From my personal point of view, the character of life on the streets shifts as Silom Road traverses its way from its start near Lumphini Park, along its almost perfectly straight short distance, to just past the elevated highway.  I see a progression through three segments: crowded and hectic in the first segment; calmer and more laid back in the middle segment; and almost abandoned in the final segment. 

Silom Road itself is crowded with traffic but in contrast the soi (side streets) are narrow with little traffic.  There the buildings are old and neglected.  Some blocks give the feeling that time has stood still since somewhere back in the 1950s, especially late in the afternoon when the heat of the day becomes oppressive, people slow down, and even the dogs find it’s too hot to do anything but sleep.
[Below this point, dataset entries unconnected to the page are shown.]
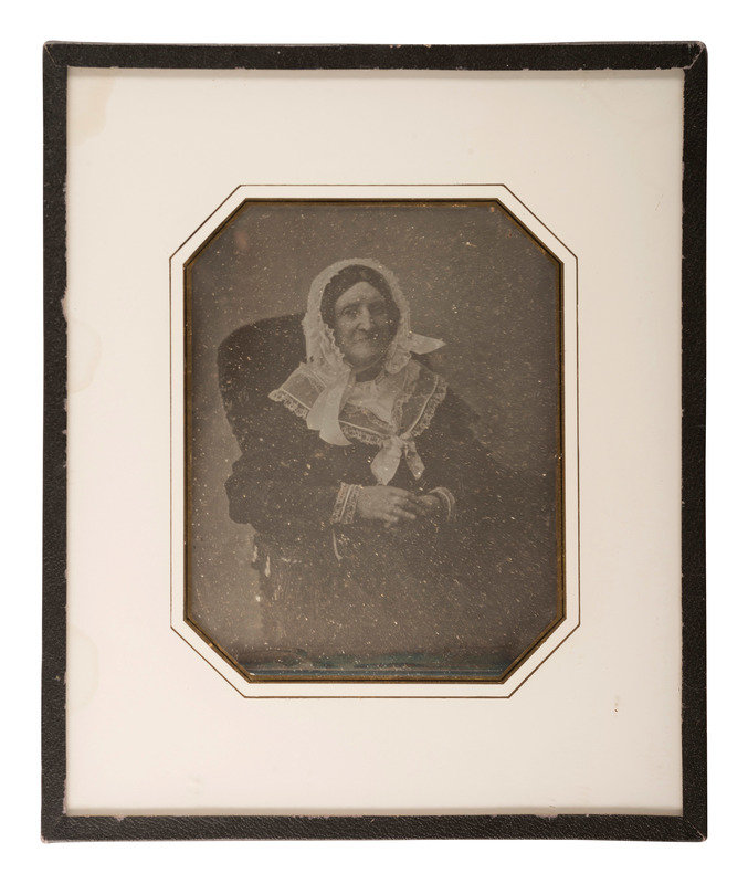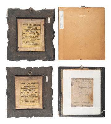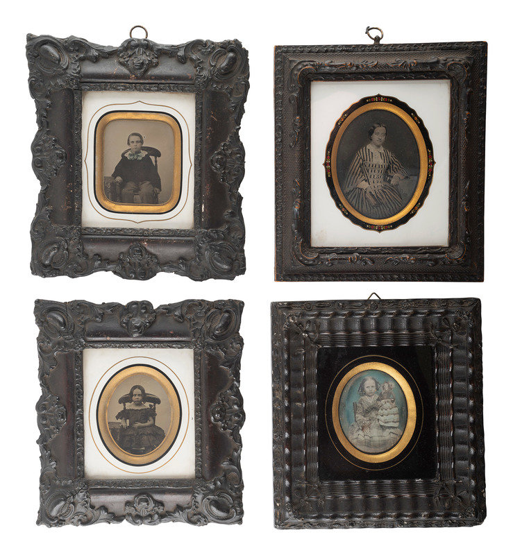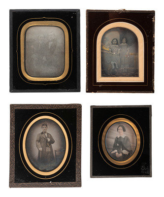 2 3/4 x 3 5/8 in. (sight) ambrotype portrait of a lovely young woman wearing a boldly striped dress and holding a book in one hand, its pages highlighted gold. (Minor image fading in spots, otherwise excellent clarity; unexamined out of the frame.) Housed under what appears to be an eglomise mat with decorative jewel adornments, inside of a wall frame with hanging fob at top (surface wear and cracking to frame). -- 2 3/4 x 3 5/8 in. (sight) ambrotype portrait of a dashing young gentleman wearing a grin and a patterned vest with gold-highlighted accessories. (Tarnishing around edges, light spotting throughout; unexamined out of the mat.) Housed under an eglomise mat with sealed edges (some loss to black finish of mat). -- 2 1/4 x 2 7/8 in. (sight) daguerreotype portrait of a young girl holding her doll, the background and the girl's eyes tinted light blue. (Spots of tinting loss and image deterioration to plate, doll a bit blurry from likely movement; unexamined out of the frame.) Housed under an eglomise mat inside of a wall frame with hanging fob at top (back of frame with new seal). Remnants of pencil and ink inscriptions written in French visible through clear adhesive on back of frame identify the subject as "Noemie Touchon," born in 1848, and the photograph as having been taken in 1854. -- 2 3/4 x 3 5/8 in. (sight)daguerreotype portrait of two young girls wearing matching dresses featuring hand tinting. (Some softening of focus and image deterioration to certain spots, with tarnishing and spotting to edges; unexamined out of the mat.) Housed under an eglomise mat with sealed edges. (wear to adhesive at edges). One of the girls holds a basket of flowers tinted in red. -- And 5 other portraits including 3 matted and sealed daguerreotypes and 2 framed ambrotypes by W.H. Ainsworth. -- Together, 9 attractive European portraits housed in decorative mats and wall frames.
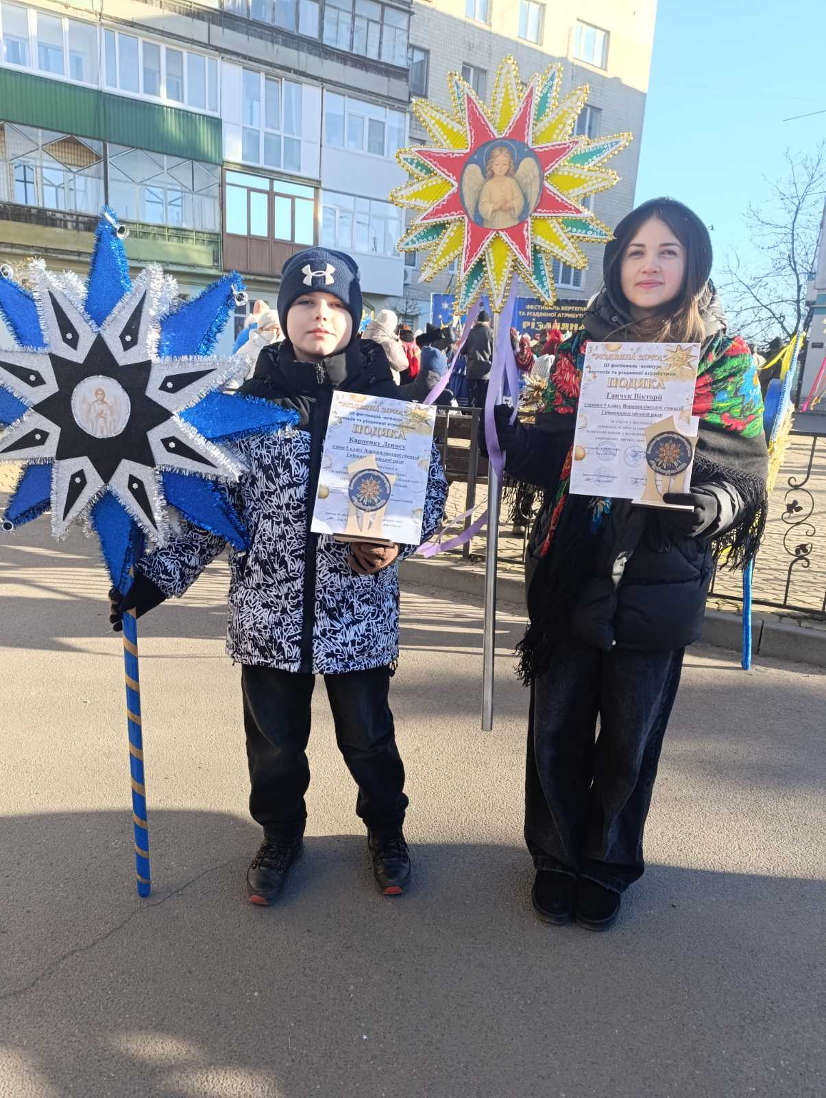 Здобувачі освіти нашої гімназії були учасниками Різдвяної ходи. Саме там їм вручили подяки та грошові винагороди за кращі Різдвяні зірки. Молодці.
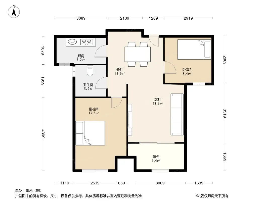 户型齐全,主打户型方正,明厨,明卫,双卧朝南,主卧朝南二居

I can scarcely express my experiences on Silom Road in words.  Maybe my photographs will do that for me.  Just remember, though, that most of these images came from just a small glimpse of the day, only 2 hours in late afternoon.  Accumulated over the course of about 15 years, of course.

Segue

By dividing the photographs from Silom Road and Charoen Krung Road into two separate episodes of The Monochrome Chronicles, the implication would be that their character likewise differs.  Such is the case.  There are, of course, similarities as well.  From my photographers’ point of view I’ve found four images – two from each street – that are remarkably similar.  One word of caution, though: the similarity is in the aesthetics of the photographs.  There is no hidden meaning here, no implication about street life in the two neighborhoods.  In this instance, a cigar is just a cigar.

Charoen Krung Road
Silom Road
Charoen Krung Road
Silom Road

A portrait of street food in Bangkok.  On a photorealism level, these images show details of pushcarts on the sidewalk.  They are a bit more upscale than most pushcarts, made with stainless steel and supplied with bottled gas for heat.

Such equipment would be unremarkable in the back room of a bakery or a restaurant, but in the context of pushcarts on the sidewalk they represent an element of street life in Bangkok.